- Information provided -
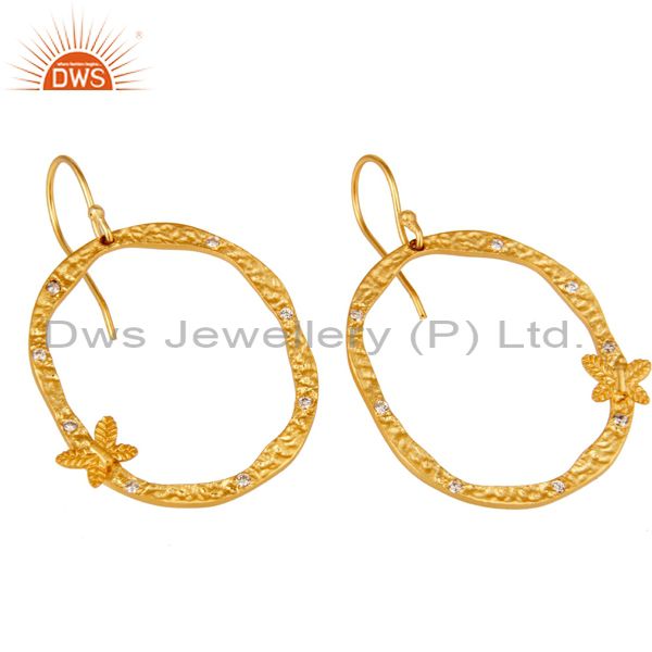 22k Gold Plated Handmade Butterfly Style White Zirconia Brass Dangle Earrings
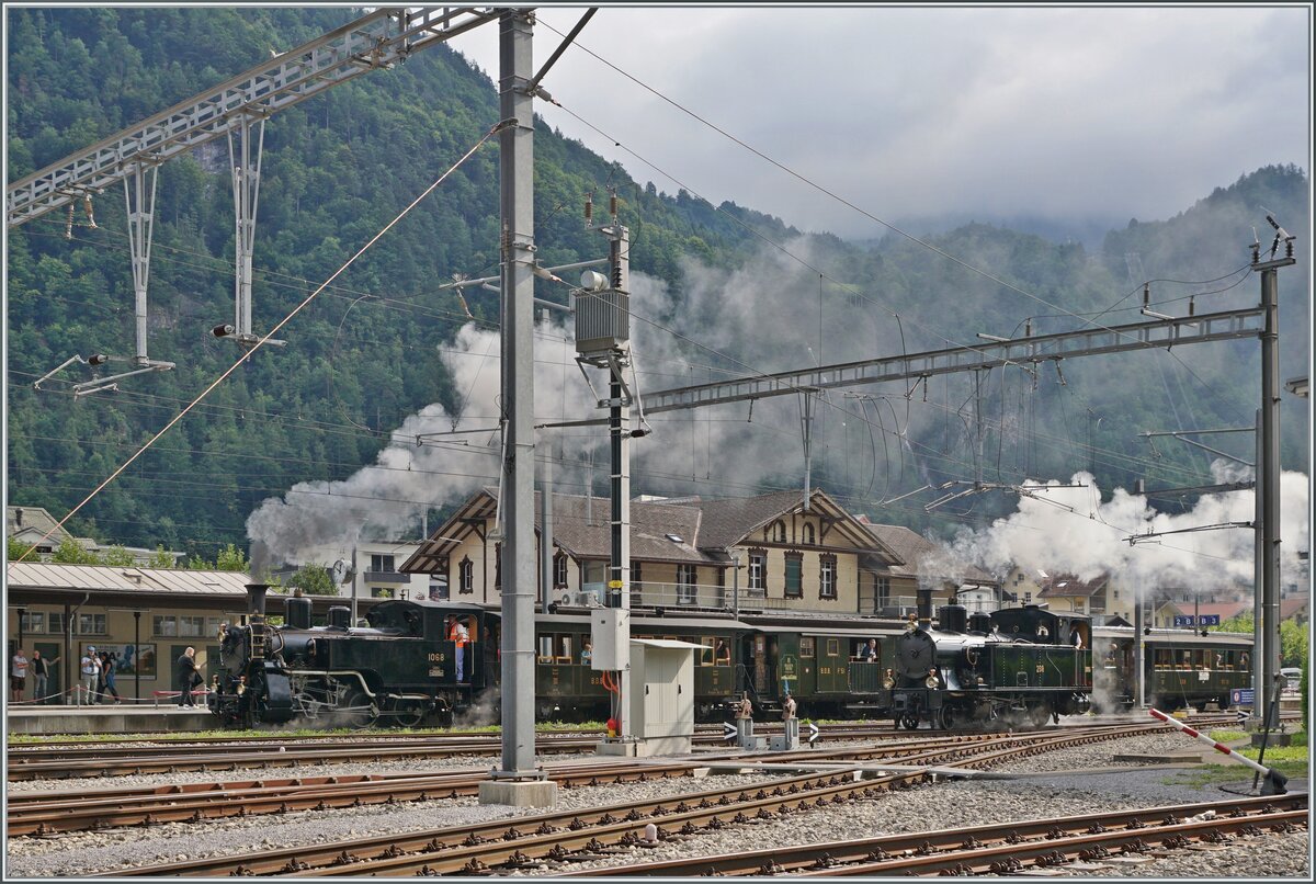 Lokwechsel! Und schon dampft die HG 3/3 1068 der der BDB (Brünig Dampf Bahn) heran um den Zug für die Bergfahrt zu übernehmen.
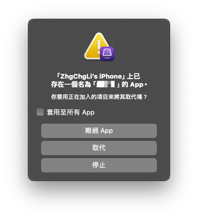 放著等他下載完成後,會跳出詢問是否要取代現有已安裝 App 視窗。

- To do -
Exclude the pictures. Write out the remaining data exactly.

- Written answer -
 22k Gold Plated Handmade Butterfly Style White Zirconia Brass Dangle Earrings
 Lokwechsel! Und schon dampft die HG 3/3 1068 der der BDB (Brünig Dampf Bahn) heran um den Zug für die Bergfahrt zu übernehmen.
 放著等他下載完成後,會跳出詢問是否要取代現有已安裝 App 視窗。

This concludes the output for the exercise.